* **What the exercise asks**: From the listing below, give again exactly the lines from the line with "1 Armand Thiery" to the line with "W środku pawilonu", ends included, without any pictures.

* **Data supplied**:
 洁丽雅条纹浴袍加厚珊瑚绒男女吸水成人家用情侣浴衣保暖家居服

...

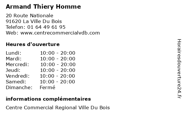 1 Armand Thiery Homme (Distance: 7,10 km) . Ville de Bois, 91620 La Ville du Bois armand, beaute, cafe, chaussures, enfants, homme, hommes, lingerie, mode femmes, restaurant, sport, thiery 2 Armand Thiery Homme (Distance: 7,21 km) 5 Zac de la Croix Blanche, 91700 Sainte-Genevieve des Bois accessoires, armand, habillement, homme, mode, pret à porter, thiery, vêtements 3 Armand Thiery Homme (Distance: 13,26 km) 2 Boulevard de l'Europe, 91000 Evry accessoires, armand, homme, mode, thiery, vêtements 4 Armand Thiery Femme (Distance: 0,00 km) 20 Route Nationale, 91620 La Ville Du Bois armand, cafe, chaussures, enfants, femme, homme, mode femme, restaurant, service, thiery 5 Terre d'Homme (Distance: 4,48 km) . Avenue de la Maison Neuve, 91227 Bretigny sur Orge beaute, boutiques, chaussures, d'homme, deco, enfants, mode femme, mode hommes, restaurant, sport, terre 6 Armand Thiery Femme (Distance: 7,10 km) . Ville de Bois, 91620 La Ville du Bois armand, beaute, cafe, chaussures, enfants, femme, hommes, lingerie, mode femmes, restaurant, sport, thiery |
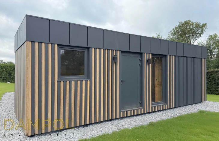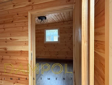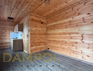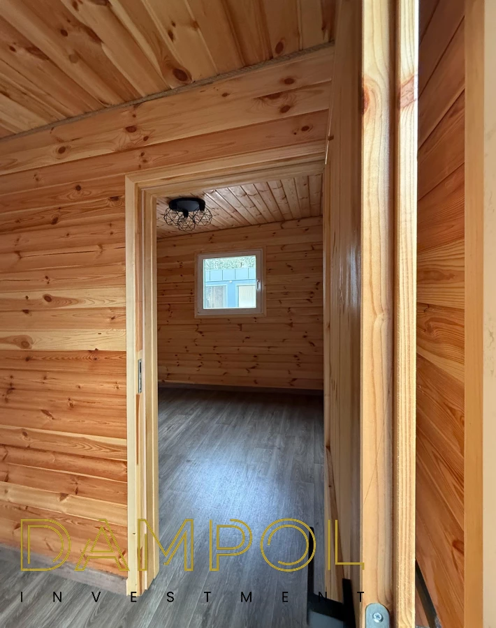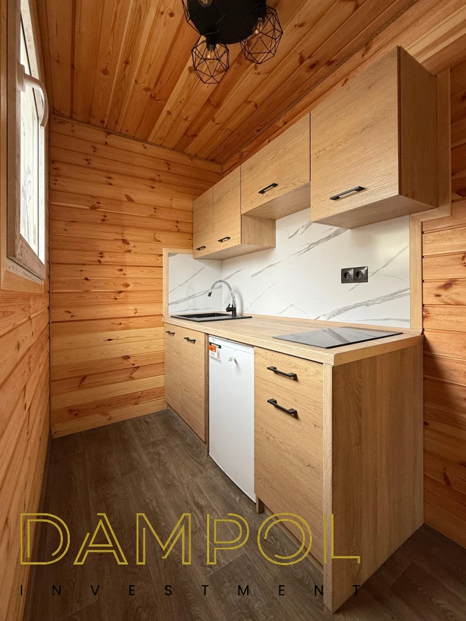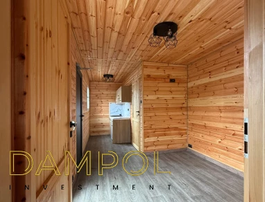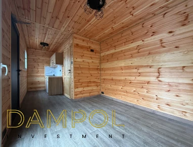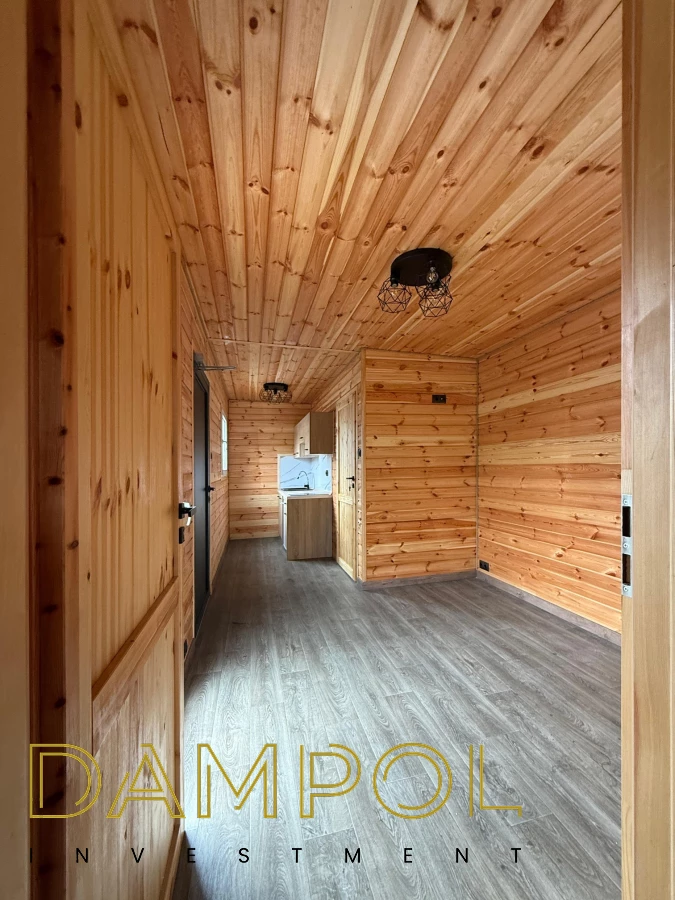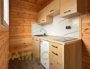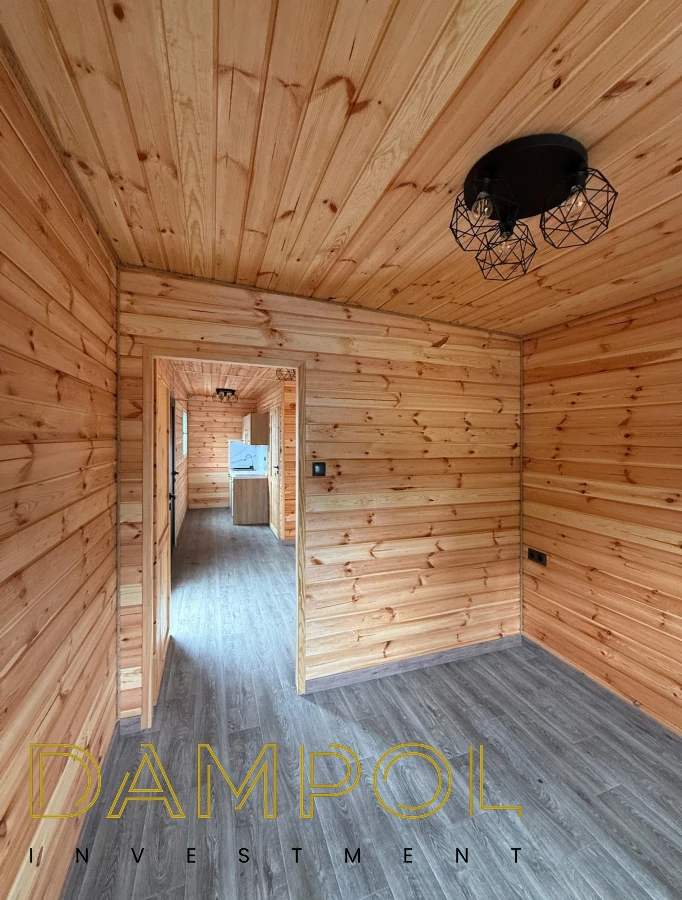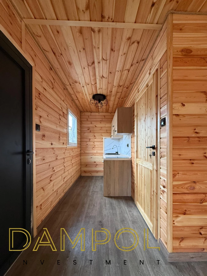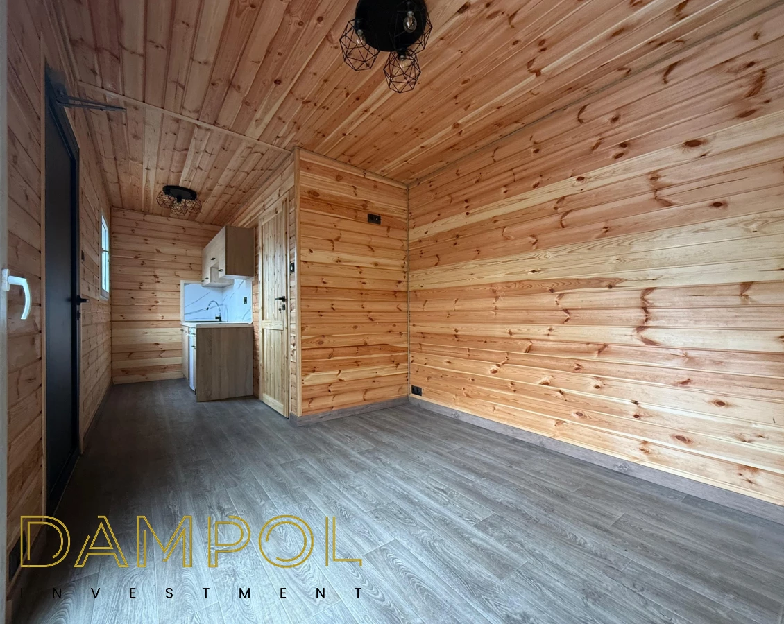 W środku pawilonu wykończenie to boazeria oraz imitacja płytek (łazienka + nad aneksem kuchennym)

* **Answer box**:
 1 Armand Thiery Homme (Distance: 7,10 km) . Ville de Bois, 91620 La Ville du Bois armand, beaute, cafe, chaussures, enfants, homme, hommes, lingerie, mode femmes, restaurant, sport, thiery 2 Armand Thiery Homme (Distance: 7,21 km) 5 Zac de la Croix Blanche, 91700 Sainte-Genevieve des Bois accessoires, armand, habillement, homme, mode, pret à porter, thiery, vêtements 3 Armand Thiery Homme (Distance: 13,26 km) 2 Boulevard de l'Europe, 91000 Evry accessoires, armand, homme, mode, thiery, vêtements 4 Armand Thiery Femme (Distance: 0,00 km) 20 Route Nationale, 91620 La Ville Du Bois armand, cafe, chaussures, enfants, femme, homme, mode femme, restaurant, service, thiery 5 Terre d'Homme (Distance: 4,48 km) . Avenue de la Maison Neuve, 91227 Bretigny sur Orge beaute, boutiques, chaussures, d'homme, deco, enfants, mode femme, mode hommes, restaurant, sport, terre 6 Armand Thiery Femme (Distance: 7,10 km) . Ville de Bois, 91620 La Ville du Bois armand, beaute, cafe, chaussures, enfants, femme, hommes, lingerie, mode femmes, restaurant, sport, thiery |
 W środku pawilonu wykończenie to boazeria oraz imitacja płytek (łazienka + nad aneksem kuchennym)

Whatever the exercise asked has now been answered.